Modeling of plasma virtual shape control of ram/scramjet inlet and isolator

The paper explores a reverse energy bypass concept of ram/scramjet propulsion control by energy addition and extraction in the propulsion flowpath. Instead of variable geometry, the concept relies on virtual shapes created by plasma/magnetohydrodynamic (MHD) devices or by other methods (including plasma-controlled external combustion). An inherent advantage of the proposed plasma/MHD control system is its flexibility, fast response, and the absence of moving parts. The fixed geometry is optimized for Mach 7 flight. At Mach numbers below the design value, inlet performance can be controlled by energy addition, with the power supplied by an MHD generator placed downstream of the combustor. This concept is called the reverse energy bypass. In one scenario, the inlet flow spillage can be reduced by a virtual cowl - a heated region placed upstream of and slightly below the cowl.
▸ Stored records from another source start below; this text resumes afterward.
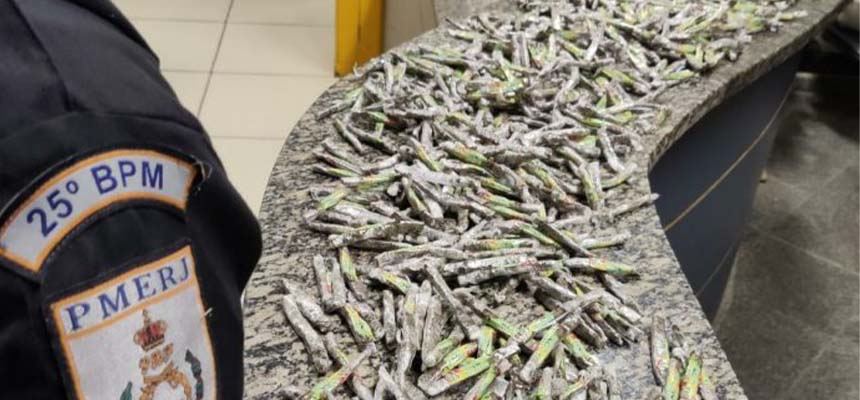 Policiais do 25º Batalhão apreendem 880 tabletes de maconha em Araruama
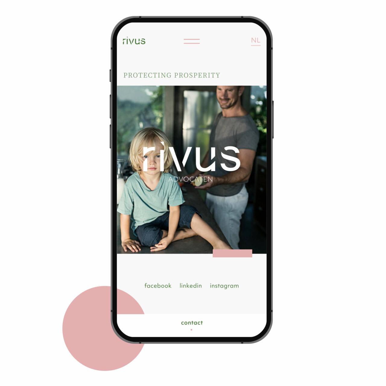 Door een klassieke basis met een moderne twist te creëren zorgen we ervoor dat Rivus zich onderscheidt in de sector. Dat zien we terug in de fonts, de huisstijl en de bijhorende fotografie. De vertrouwde kleuren maken plaats voor een stijlvol donkergroen in combinatie met een fris roze.
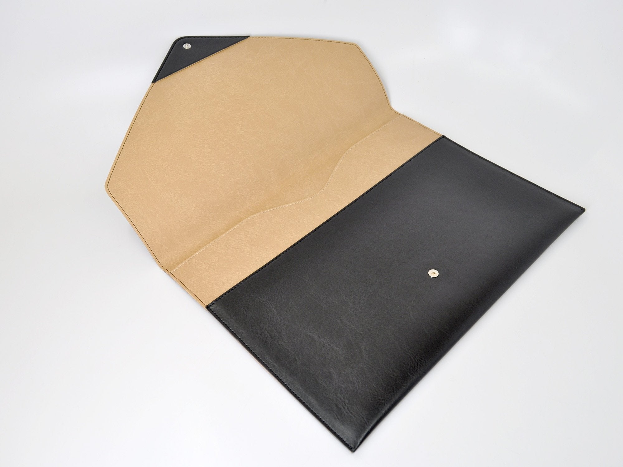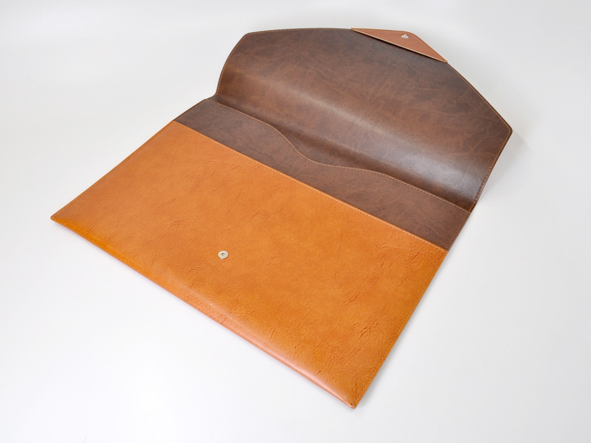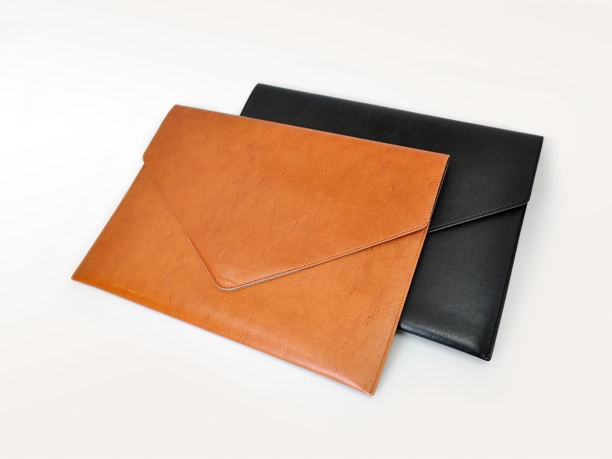 This stylish document folder in black or tan bonded Italian leather is a must have accessory for organized executives. Sleek and modern Italian leather document envelope is handmade from matte bonded leather with a light padded finish. A concealed snap closure keeps the flap closed and allows easy access. The envelope is lined in contrasting leather for a smart finish.

With an optimally located virtual cowl, calculations with conservative assumption regarding power transmission losses show that the reverse bypass can increase thrust by about 10% at Mach 6. In another scenario, distributed heating of the flow upstream of the inlet throat in the ramjet regime (Mach 4-6), with the heating rate of about 6.3-8.5% of the total enthalpy flux, can bring the throat Mach number close to one, thus making the isolator duct virtually unnecessary. Although the reverse bypass system with inlet heating would reduce thrust by about 16% at Mach 5, the performance penalty at the vehicle acceleration stage can be offset by the increased efficiency during cruise because of the absence of weight and cooling burdens, which would normally arise from using a long isolator duct.